▶ [Work item]:
From the data below, return all lines holding the string "Here".

▶ [Records provided]:
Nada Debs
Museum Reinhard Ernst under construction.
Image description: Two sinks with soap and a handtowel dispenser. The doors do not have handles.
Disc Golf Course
...
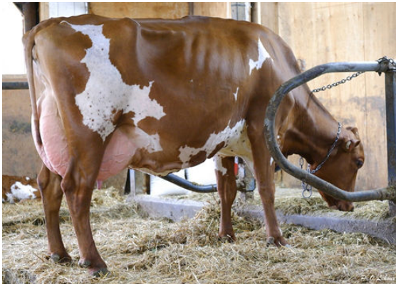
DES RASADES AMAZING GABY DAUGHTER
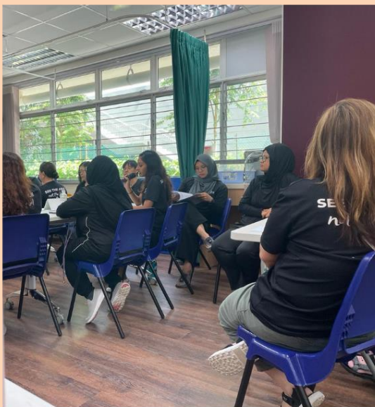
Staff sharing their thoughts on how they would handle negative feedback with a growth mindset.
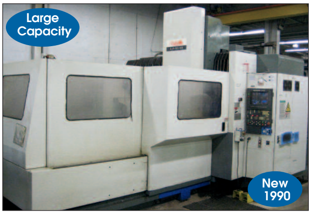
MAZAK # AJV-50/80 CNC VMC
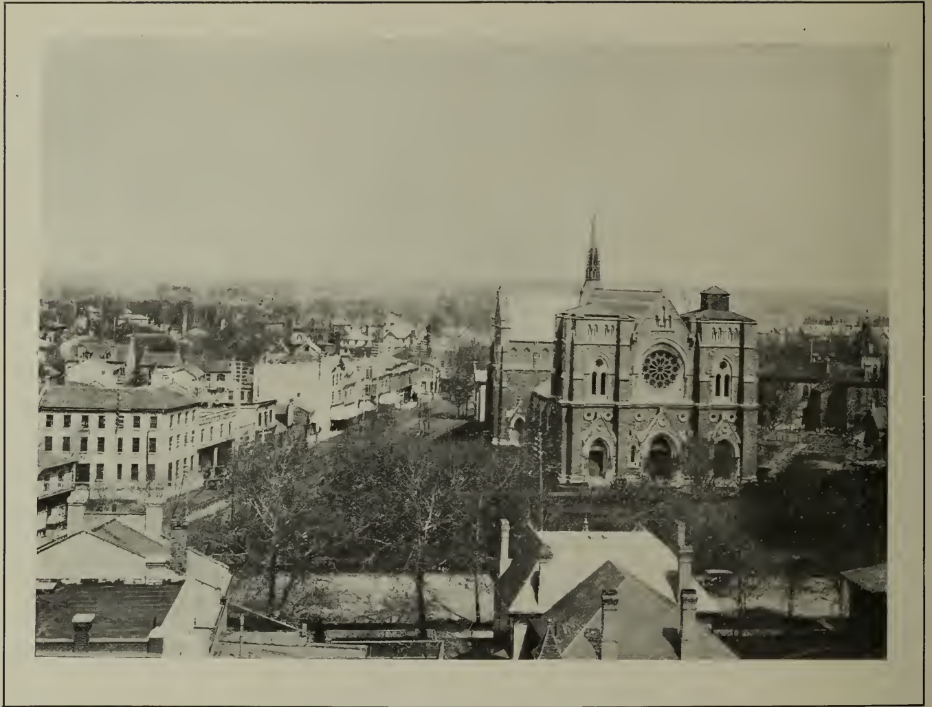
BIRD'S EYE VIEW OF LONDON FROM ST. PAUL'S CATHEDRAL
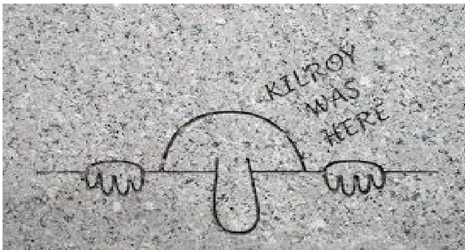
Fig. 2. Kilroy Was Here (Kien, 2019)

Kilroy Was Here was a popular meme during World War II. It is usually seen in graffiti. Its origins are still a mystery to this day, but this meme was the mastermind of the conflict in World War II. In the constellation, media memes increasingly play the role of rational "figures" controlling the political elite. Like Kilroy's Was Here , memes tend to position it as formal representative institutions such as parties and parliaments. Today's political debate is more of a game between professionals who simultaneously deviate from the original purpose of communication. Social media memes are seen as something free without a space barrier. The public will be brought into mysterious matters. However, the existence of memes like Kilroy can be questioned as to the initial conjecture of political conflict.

▶ [Output for this exercise]:
Fig. 2. Kilroy Was Here (Kien, 2019)
Kilroy Was Here was a popular meme during World War II. It is usually seen in graffiti. Its origins are still a mystery to this day, but this meme was the mastermind of the conflict in World War II. In the constellation, media memes increasingly play the role of rational "figures" controlling the political elite. Like Kilroy's Was Here , memes tend to position it as formal representative institutions such as parties and parliaments. Today's political debate is more of a game between professionals who simultaneously deviate from the original purpose of communication. Social media memes are seen as something free without a space barrier. The public will be brought into mysterious matters. However, the existence of memes like Kilroy can be questioned as to the initial conjecture of political conflict.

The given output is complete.